> _Exercise description_: Print exactly the lines below between the line containing "tři klobouky, ten" and the line containing "MÉXICO, D.F., 07JUNIO2009.- Marcelo", counting both of those lines. Leave pictures out.

> _Information_:
-----

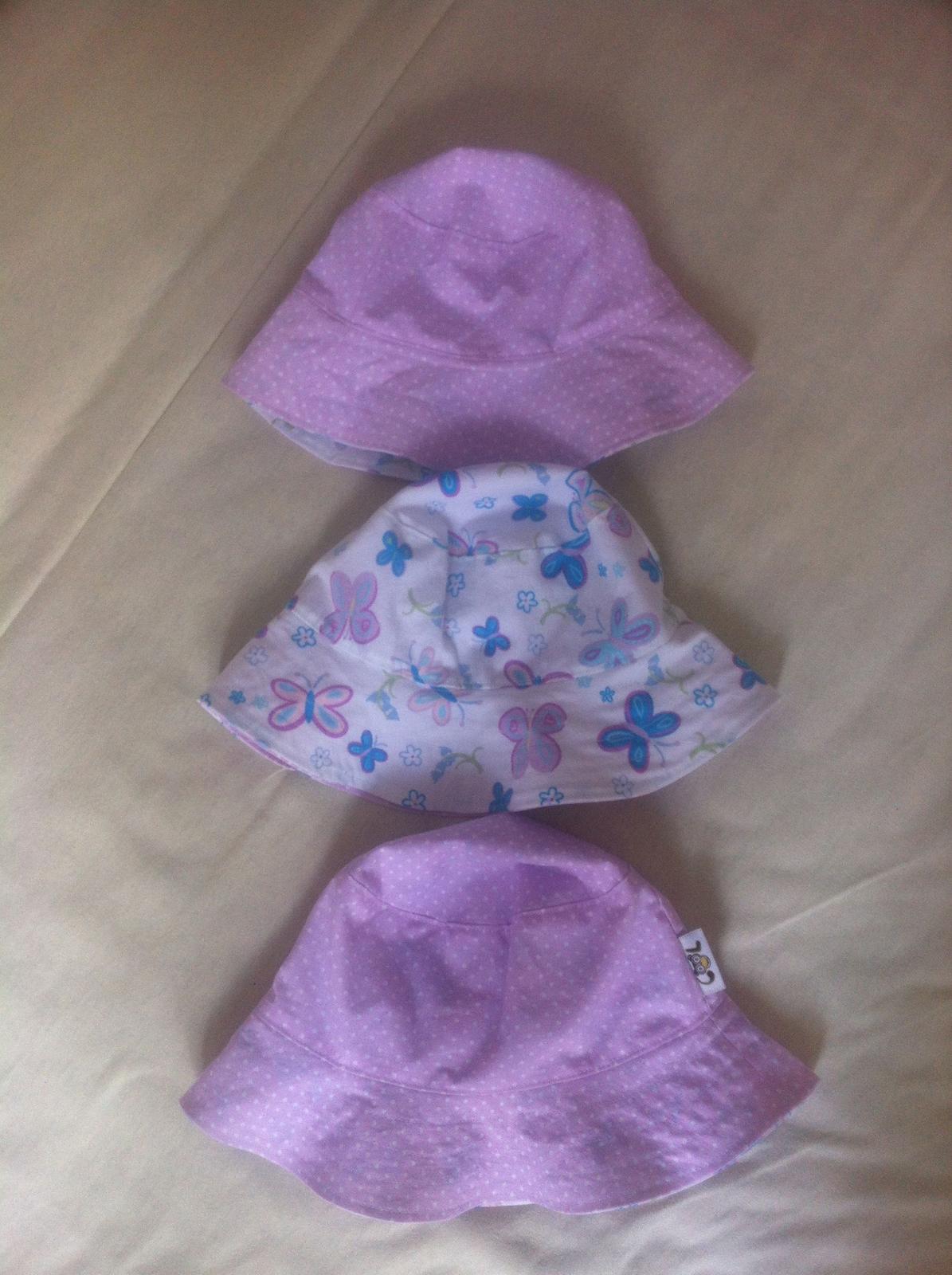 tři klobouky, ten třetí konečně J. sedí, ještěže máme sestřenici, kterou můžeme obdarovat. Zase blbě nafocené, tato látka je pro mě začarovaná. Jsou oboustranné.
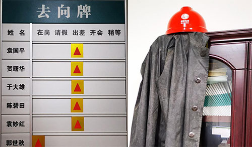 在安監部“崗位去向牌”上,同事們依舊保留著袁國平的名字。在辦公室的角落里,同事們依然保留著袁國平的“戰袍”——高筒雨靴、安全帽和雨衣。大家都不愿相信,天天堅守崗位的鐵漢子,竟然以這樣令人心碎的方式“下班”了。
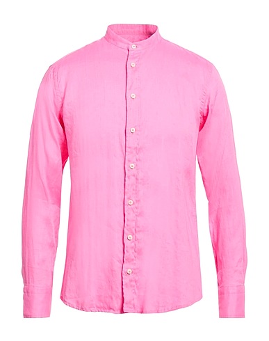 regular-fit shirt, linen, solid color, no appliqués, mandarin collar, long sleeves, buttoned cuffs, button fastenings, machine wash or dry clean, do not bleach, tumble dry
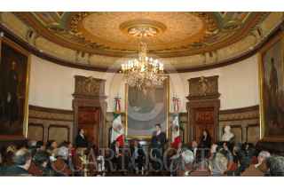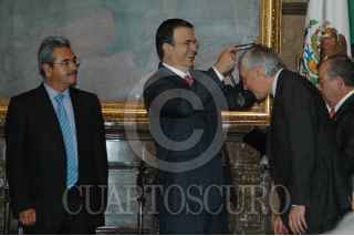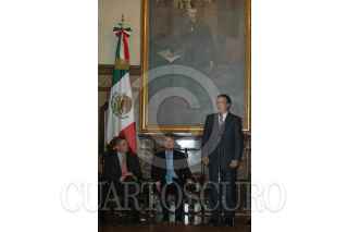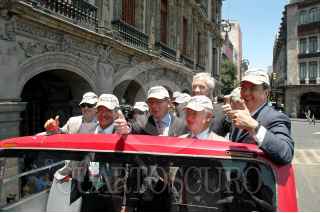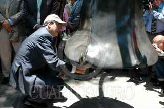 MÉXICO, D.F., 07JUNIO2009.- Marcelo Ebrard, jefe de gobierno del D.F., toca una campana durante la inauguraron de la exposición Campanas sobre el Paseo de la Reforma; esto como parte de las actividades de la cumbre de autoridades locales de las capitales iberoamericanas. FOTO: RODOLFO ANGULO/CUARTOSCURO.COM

-----

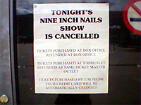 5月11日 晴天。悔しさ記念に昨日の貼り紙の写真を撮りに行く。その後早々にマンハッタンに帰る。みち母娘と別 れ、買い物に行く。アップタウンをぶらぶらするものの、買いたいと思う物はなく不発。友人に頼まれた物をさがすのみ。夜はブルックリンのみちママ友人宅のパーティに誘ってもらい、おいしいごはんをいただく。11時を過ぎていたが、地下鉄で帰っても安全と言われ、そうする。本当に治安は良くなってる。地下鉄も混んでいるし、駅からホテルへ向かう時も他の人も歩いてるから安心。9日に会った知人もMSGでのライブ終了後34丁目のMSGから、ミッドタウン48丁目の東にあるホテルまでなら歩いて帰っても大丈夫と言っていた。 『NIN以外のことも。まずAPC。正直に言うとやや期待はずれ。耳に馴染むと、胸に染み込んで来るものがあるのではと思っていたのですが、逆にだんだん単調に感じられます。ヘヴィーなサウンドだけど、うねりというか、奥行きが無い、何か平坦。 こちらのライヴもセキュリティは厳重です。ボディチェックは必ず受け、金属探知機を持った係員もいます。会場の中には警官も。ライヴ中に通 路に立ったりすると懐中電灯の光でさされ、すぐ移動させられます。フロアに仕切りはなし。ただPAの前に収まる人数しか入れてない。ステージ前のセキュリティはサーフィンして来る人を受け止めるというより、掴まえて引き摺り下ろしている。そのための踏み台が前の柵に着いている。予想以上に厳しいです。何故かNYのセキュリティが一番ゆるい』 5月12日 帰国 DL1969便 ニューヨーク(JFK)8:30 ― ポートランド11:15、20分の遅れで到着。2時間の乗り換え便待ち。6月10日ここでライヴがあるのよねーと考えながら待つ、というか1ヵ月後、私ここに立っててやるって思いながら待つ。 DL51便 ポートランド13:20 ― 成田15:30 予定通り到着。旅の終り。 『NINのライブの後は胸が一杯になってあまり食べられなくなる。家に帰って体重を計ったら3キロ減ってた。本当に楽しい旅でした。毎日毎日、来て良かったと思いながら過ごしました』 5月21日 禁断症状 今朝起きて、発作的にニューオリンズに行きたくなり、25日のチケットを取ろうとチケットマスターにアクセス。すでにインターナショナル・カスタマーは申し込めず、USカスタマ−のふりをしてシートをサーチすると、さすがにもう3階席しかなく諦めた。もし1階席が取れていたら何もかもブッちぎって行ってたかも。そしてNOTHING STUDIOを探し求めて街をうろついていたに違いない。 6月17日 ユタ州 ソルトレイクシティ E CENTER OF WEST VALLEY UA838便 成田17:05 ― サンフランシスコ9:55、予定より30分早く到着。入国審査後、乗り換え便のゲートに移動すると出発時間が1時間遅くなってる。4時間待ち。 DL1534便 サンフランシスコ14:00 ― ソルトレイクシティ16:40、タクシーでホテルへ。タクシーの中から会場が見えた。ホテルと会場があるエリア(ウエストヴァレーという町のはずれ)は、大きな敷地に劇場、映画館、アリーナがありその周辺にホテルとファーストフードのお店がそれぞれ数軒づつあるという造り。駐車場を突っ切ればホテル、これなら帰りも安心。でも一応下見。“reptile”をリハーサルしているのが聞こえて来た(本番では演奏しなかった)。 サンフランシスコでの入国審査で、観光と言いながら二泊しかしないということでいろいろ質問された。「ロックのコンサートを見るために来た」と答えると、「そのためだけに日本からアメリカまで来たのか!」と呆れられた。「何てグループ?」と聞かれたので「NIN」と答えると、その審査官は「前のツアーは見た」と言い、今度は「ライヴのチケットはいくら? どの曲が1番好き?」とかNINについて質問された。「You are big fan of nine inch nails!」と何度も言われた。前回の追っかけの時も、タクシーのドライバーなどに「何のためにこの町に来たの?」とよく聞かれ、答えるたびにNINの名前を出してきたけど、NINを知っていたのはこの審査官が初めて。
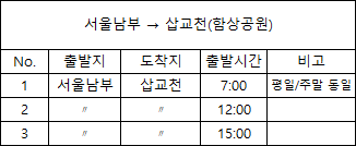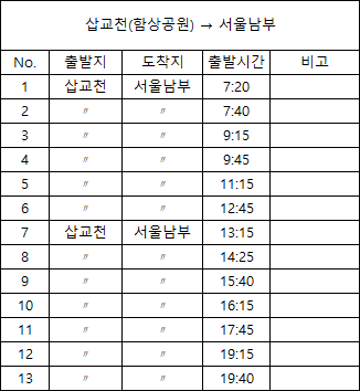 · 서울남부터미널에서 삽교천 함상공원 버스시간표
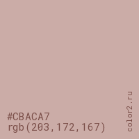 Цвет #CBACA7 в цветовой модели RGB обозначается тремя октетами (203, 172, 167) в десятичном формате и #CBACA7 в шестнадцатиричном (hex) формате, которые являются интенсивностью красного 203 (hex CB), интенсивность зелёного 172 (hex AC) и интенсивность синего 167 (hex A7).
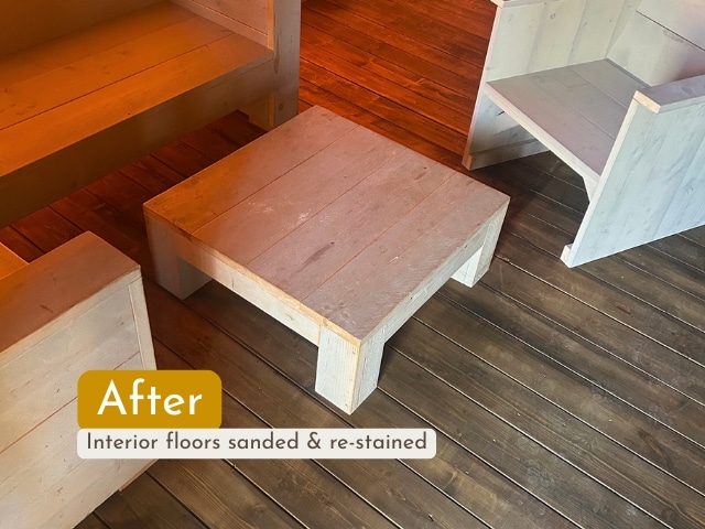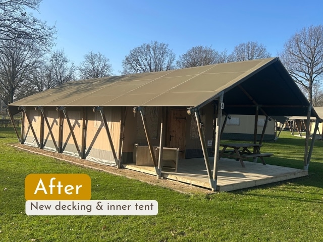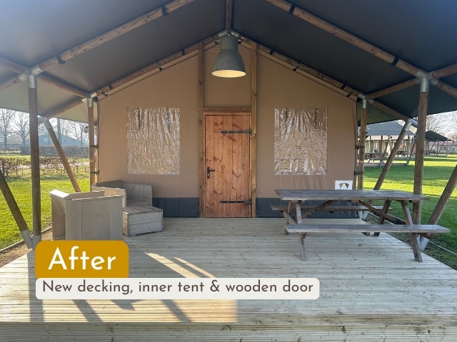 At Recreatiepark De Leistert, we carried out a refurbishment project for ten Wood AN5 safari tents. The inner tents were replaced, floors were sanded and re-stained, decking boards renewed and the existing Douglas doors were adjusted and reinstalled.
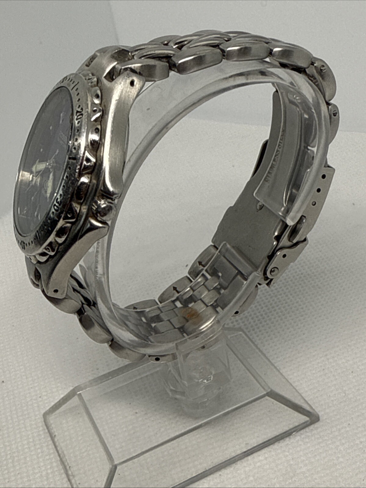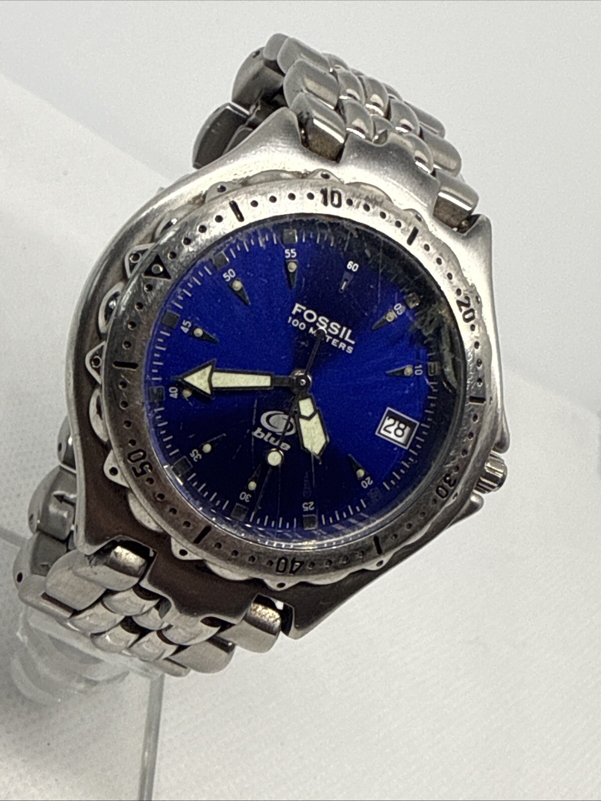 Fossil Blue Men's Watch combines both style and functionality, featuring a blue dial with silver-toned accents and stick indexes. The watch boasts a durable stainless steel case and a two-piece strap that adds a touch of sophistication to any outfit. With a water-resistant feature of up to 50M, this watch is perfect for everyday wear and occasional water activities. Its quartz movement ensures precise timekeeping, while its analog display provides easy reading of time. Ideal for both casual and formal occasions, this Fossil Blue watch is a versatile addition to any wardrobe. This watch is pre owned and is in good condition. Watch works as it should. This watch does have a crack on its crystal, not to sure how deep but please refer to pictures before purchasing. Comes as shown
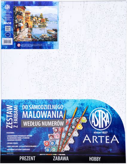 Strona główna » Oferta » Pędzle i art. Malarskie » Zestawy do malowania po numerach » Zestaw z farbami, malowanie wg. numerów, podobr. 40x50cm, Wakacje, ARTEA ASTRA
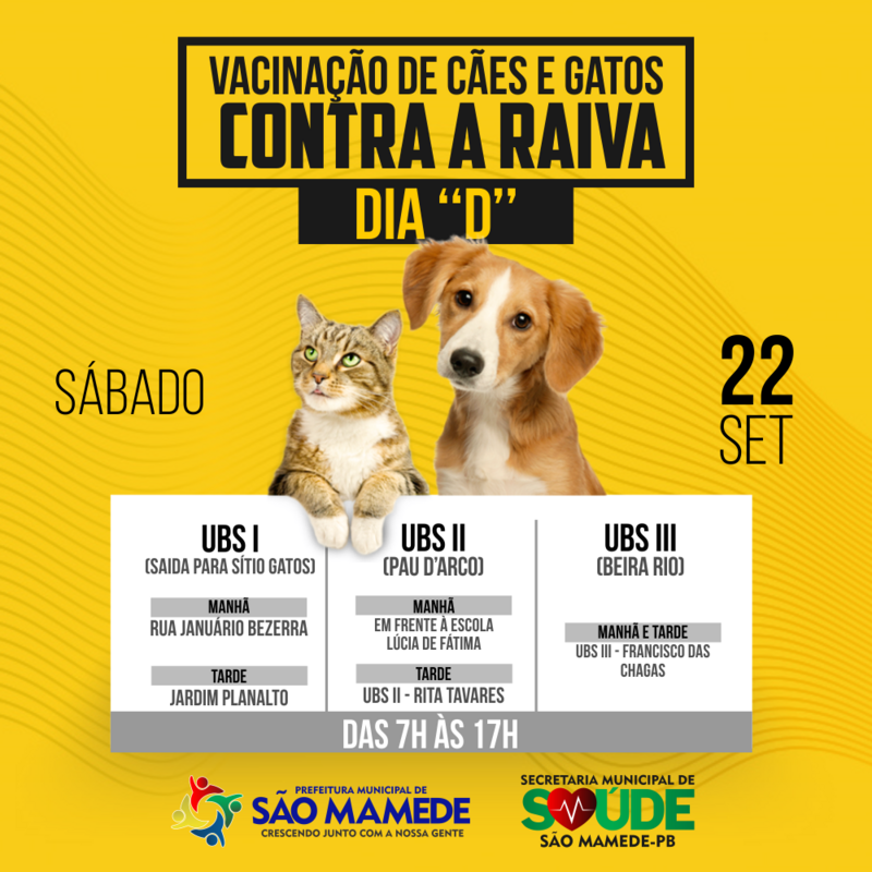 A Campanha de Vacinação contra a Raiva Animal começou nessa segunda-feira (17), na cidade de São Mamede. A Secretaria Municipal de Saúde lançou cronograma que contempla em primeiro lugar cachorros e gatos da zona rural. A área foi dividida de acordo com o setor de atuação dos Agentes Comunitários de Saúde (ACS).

-----

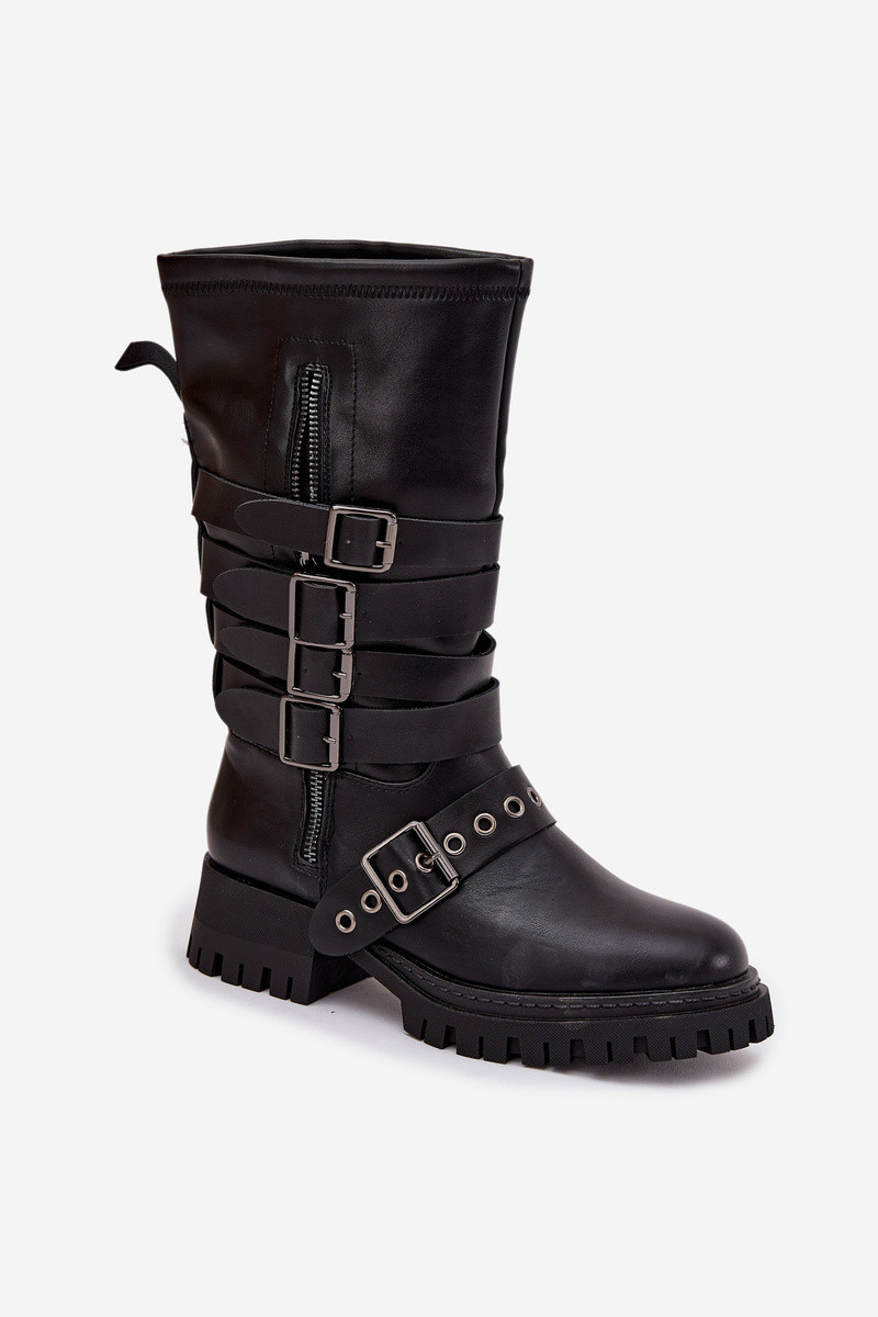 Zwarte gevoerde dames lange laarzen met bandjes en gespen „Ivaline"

-----

> _Expected answer_:
 tři klobouky, ten třetí konečně J. sedí, ještěže máme sestřenici, kterou můžeme obdarovat. Zase blbě nafocené, tato látka je pro mě začarovaná. Jsou oboustranné.
 在安監部“崗位去向牌”上,同事們依舊保留著袁國平的名字。在辦公室的角落里,同事們依然保留著袁國平的“戰袍”——高筒雨靴、安全帽和雨衣。大家都不愿相信,天天堅守崗位的鐵漢子,竟然以這樣令人心碎的方式“下班”了。
 regular-fit shirt, linen, solid color, no appliqués, mandarin collar, long sleeves, buttoned cuffs, button fastenings, machine wash or dry clean, do not bleach, tumble dry
 MÉXICO, D.F., 07JUNIO2009.- Marcelo Ebrard, jefe de gobierno del D.F., toca una campana durante la inauguraron de la exposición Campanas sobre el Paseo de la Reforma; esto como parte de las actividades de la cumbre de autoridades locales de las capitales iberoamericanas. FOTO: RODOLFO ANGULO/CUARTOSCURO.COM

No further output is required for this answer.